The location I would like to provide with Mr.Panini is __1187 Lexington Avenue__. Main reasons are:  

(1) __Manhattan__ is the most popular borough in NYC, with the highest density and a variety of restaurants. Mr.Panini's restaurant can benefit from large population and demand.   

(2) I saperate Manhattan into five clusters using __k-mean method__ to figure out the average rating in each cluster. The restaurants at this Neighborhood have average lowest rating. When people are surrounded by low rating restaurants, people would tend to choose the new one. As long as the new restaurant can offer tasty dishes, it is highly likely that the new one can receive higher rating. 
    
(3) When I look inside the cluster, I have to decide to build in which neighborhood. The method I used is to compare the number of restaurants in each neighborhood. Therefore, I narrow down __Lenox Hill__ and __Upper East Side__ because they have more restaurants than other neighborhoods.
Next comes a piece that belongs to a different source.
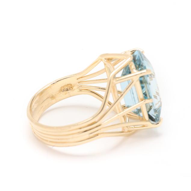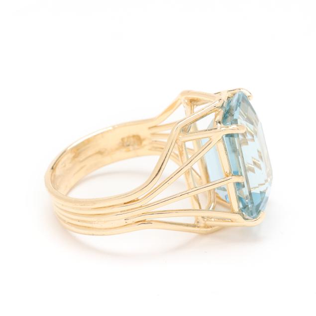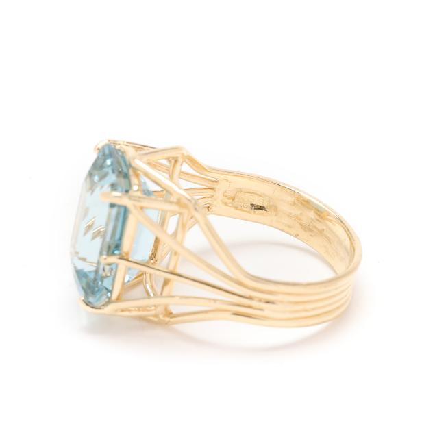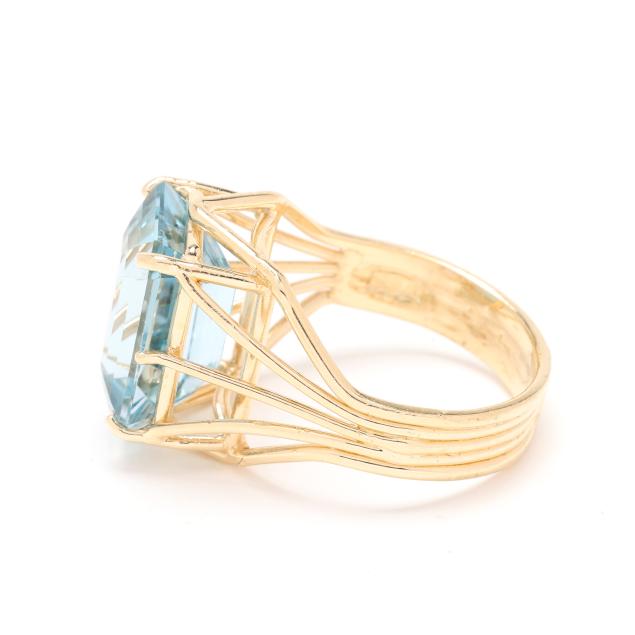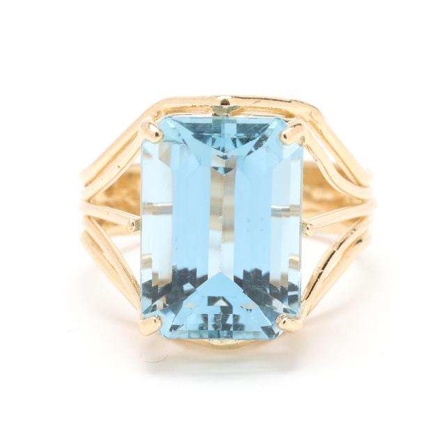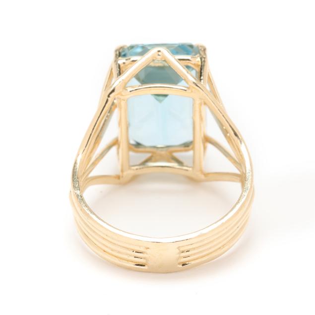 Centered on an emerald cut blue topaz (14.0 x 10.0 x 7.3mm) weighing approximately 9.50 carats set within a wire motif ring, stamped 14K / 585.

However, Upper East Side has lower rating. When people conduct comparing, Mr.Panini's restaurant can stand out. 
  
It is undoubtful that other factors, such as __other type of restaurants, the price, population distribution and etc__, should be considered. However, according to the methods I have learned from this course, 1187 Lexington Avenue would be the one I recommend. This address now is a La Marqueza Beauty Spa.

### 6. Conclusion <a name="conclusion"></a>

THe purpose of this project is to help Mr. Panini find an optimal location to move his business from California to New York. Thanks for __Cousera__ capstone project provides me with NYC data file so I can easily get the coordinates of neighborhood and borough in NYC. Through data from Foursquare API, I am able to cluster the italian restaurants into five cluster and calculate the average rating. Clustering helps me to narrow down the area. This project determine the optimal location only based on the competitors category, locations and ratings.   
   
For Mr.Panini, he is supposed to consider more factors include price, other type of restaurants, food quality, menu, populatition density, real estate availability and etc.